Data shown>

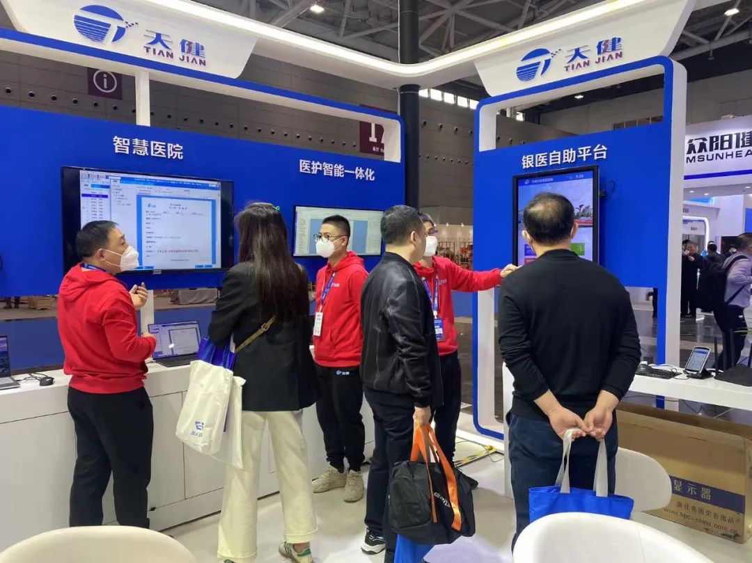 2023年中華醫(yī)院信息網(wǎng)絡(luò)大會(huì)開(kāi)展首日,天健所在的C-T68展位還展示了醫(yī)院智能自助服務(wù)系統(tǒng)、智慧護(hù)理服務(wù)大屏展示系統(tǒng)以及采用原生云技術(shù)、微服務(wù)架構(gòu)的云HIS及云電子病歷。
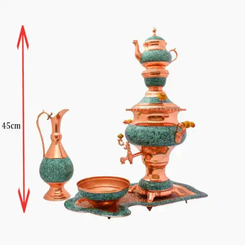 سرویس سماور فیروزه کوبی محصولی زیبا و چشم نواز تولید شده در صنایع دستی زاوش
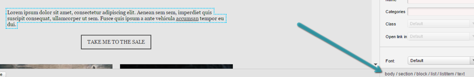Si vous souhaitez modifier l’arrière-plan complet de votre gabarit (et non pas seulement les blocs), vous pouvez le faire en sélectionnant n’importe quel élément dans le gabarit. En bas, dans le coin gauche, vous trouverez les breadcrumbs:
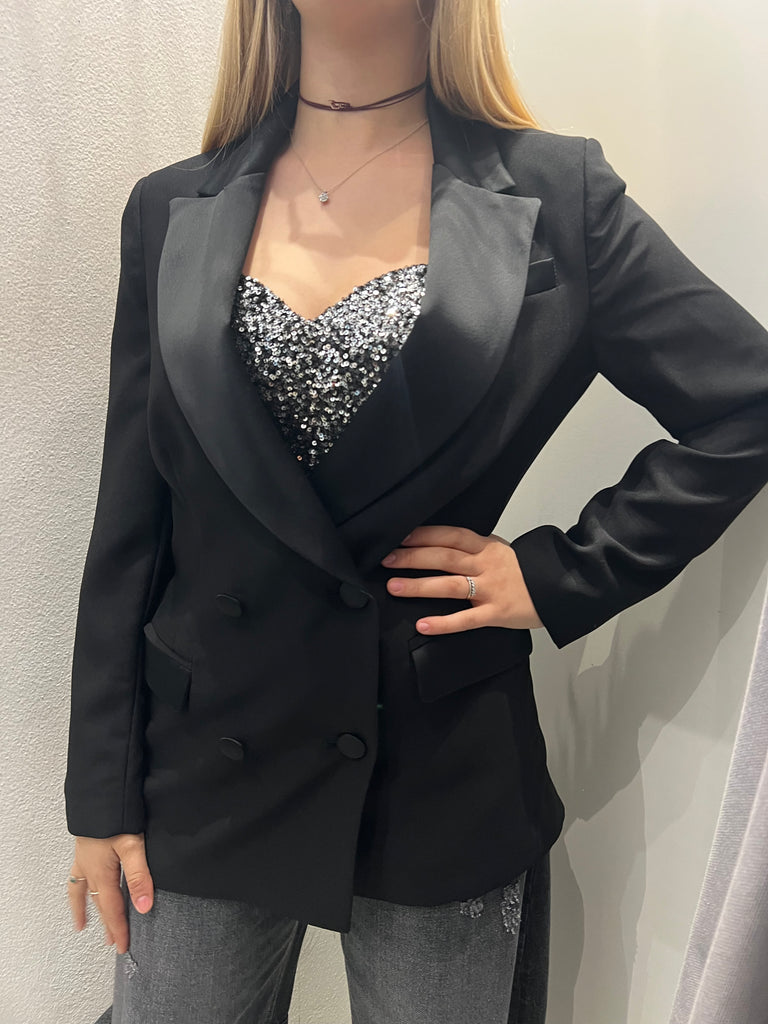 KONTATTO•Giacca doppiopetto inserti in raso Nera

Assigned task>
Print the data above exactly, minus pictures.

Response to the task>
 2023年中華醫(yī)院信息網(wǎng)絡(luò)大會(huì)開(kāi)展首日,天健所在的C-T68展位還展示了醫(yī)院智能自助服務(wù)系統(tǒng)、智慧護(hù)理服務(wù)大屏展示系統(tǒng)以及采用原生云技術(shù)、微服務(wù)架構(gòu)的云HIS及云電子病歷。
 سرویس سماور فیروزه کوبی محصولی زیبا و چشم نواز تولید شده در صنایع دستی زاوش
Si vous souhaitez modifier l’arrière-plan complet de votre gabarit (et non pas seulement les blocs), vous pouvez le faire en sélectionnant n’importe quel élément dans le gabarit. En bas, dans le coin gauche, vous trouverez les breadcrumbs:
 KONTATTO•Giacca doppiopetto inserti in raso Nera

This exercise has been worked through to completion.